Al sur de Campaspero, tierra de Cuéllar y sexmo de Hontalbilla

El páramo de Campaspero cae, por el norte, hacia el Duero y, por el sur hacia el Cega y sus pinares. Si por el norte forma valles largos y amplios, por el sur forma una ancha ladera que da origen a múltiples vallejos y cerros de todos los tamaños y formas. Y la tierra, el suelo, son aquí distintos, pues predomina ese color gris blanquecino que denota abundancia de yeso.

El paseo al que nos referimos hoy fue por estos cerros y vallejos, entre el páramo y los pinares. Además el día estaba gris, no apareció en ningún momento el sol (tampoco la lluvia), de manera que uno tenía la sensación de estar navegando por una inacabable nube grisácea. Para colmo, la piedra de los pueblos, caliza, también es gris blanquecina. Sólo los chopos querían mostrar sus tonos otoñales dorados, pero el sol no estaba por la labor. Por momentos, aparecía el verde apagado de la vegetación de los arroyos. En fin, todo parecía apagado, triste y olvidado, lejos de los tonos calientes –tierra roja, colorada– de otros páramos.

Molino de la Aldehuela

Y, por si fuera poco todo esto, no había viento sino un auténtico vendaval.

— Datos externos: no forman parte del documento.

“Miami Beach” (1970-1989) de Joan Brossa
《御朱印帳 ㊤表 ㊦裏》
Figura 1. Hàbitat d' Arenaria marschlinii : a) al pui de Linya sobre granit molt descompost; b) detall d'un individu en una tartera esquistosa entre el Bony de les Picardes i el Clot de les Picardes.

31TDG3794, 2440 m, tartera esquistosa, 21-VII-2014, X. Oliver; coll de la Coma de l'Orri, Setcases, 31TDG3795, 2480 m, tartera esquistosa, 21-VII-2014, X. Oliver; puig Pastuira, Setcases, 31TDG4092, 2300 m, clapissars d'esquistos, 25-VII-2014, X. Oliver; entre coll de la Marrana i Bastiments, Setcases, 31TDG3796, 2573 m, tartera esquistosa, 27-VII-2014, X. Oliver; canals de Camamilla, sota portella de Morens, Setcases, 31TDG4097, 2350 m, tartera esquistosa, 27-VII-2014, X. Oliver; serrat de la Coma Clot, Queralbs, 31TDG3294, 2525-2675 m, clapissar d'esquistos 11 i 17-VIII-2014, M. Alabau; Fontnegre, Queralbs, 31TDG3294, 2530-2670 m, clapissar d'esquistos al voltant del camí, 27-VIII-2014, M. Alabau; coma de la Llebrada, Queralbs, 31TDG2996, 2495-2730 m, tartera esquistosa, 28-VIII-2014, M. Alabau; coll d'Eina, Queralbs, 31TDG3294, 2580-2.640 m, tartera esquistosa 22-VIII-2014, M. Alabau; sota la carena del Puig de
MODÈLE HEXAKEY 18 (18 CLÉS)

Así que nos dedicamos, más que a la contemplación del paisaje como en tantas ocasiones, a considerar el arte y la historia que nos trasmitían las piedras de los muchos pueblos y despoblados que atravesamos. Nos movimos en el sexmo histórico de Hontalbilla y pasamos por casi todos sus pueblos salvo por la cabecera y Lastras, que ya lo conocemos de otra ocasión.

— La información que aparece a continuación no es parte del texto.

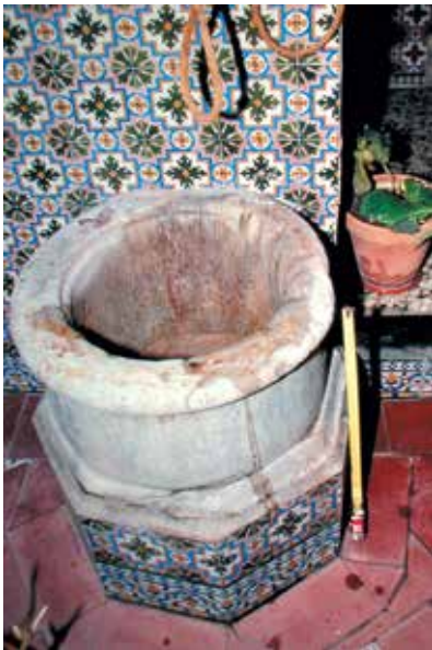
Calle del Barco nº 14: Brocal.
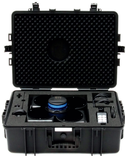
Koffer für Mobile Warnanlage MoWa 2-BT 360

Alle mobilen Warnanlagen auch erhältlich im praktischen Transportkoffer
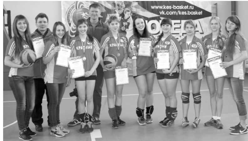
Фото на память. Сборная команда девушек по волейболу

Завершились областные соревнования по волейболу среди команд девушек. 14 марта в п. Хиславичи сборная команда девушек Краснинского района участвовала в зональных отборочных соревнованиях по волейболу.
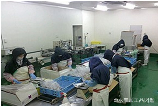
写真3 包装工程
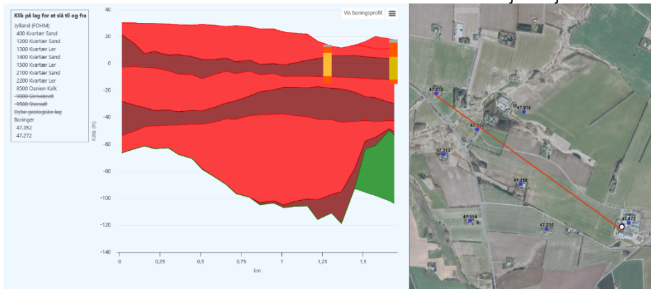
Figur 2 - Tværsnit mod nordvest

For at få en ide om geologien i området er der lavet flere tværsnit i FOHM-modellen, der er blandet andet lavet et tværsnit fra borestedet mod nordvest til Fjordvej.
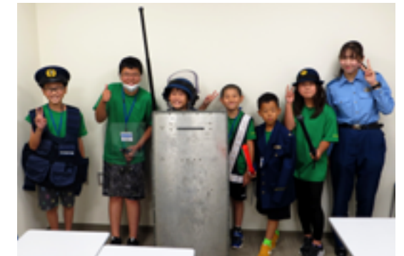
帯広警察署を見学する清水交通少年団のみなさん
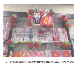
▲紀伊屋書店京都産業大学BC様

Partimos de Dehesa Mayor, que se asienta en el llano, y nos fuimos al pinar de negrales de La Perla con la intención de alcanzar el molino de la Aldehuela, como así fue. La casa se conserva relativamente bien, hay una piedra molinera junto a ella y un curioso balcón domina la salida, ahora inundada, de la cárcava. El puente sobre el arroyo Cerquilla se ha caído, pero la bóveda tiende a mantenerse con las piedras unidas, como vuelta sobre sí misma. Curioso. Así veremos muchas piedras, construcciones y edificios: arruinados.

Torontillana y el chozo

Siguiente meta: cerro de Torontillana, entre las dos Dehesas. Es el punto más elevado (896 m) de toda esta zona, tanto que se divisan casi los pueblos por los que vamos a pasar y también Cuéllar y otros muchos. Y, por supuesto, la Tierra de Pinares –que asemeja un mar o inmenso lago verde- con la línea ocre de la ribera del Cega y los perfiles de Somosierra y Guadarrama. Pero, ya hemos dicho, el gris del día no acompañaba.

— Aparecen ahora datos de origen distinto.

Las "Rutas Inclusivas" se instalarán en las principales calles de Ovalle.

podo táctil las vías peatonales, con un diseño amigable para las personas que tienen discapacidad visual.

Antes del último repecho de la subida, un chozo de pastor ¿o guardaviñas? de lo más original, pues se asemejaba más a una garita de guardia que tenía la entrada, o eso parecía, del tamaño y forma de su dueño (!)

Vista desde el Torontillana

En un momento gracias a la cuesta abajo, estábamos en Dehesa. La fuente, seca. El molino, arruinado, así como un montón de casas. Ya no hay vida por aquí, parece como que va muriendo el pueblo… ¿cuántos años le quedarán? Al menos disfrutamos contemplando diversos detalles de arquitectura popular.

Cerro y torreón de Santa María

El arroyo Collalbillas nos condujo hasta el torreón medieval de Santa María, que perteneció a una antigua ermita y se eleva sobre un cerro que separa dos valles. Seguramente se trata de un despoblado; se han descubierto enterramientos del siglo X. Otro enclave perfecto para contemplar el paisaje, si bien no es tan elevado como Torontillana.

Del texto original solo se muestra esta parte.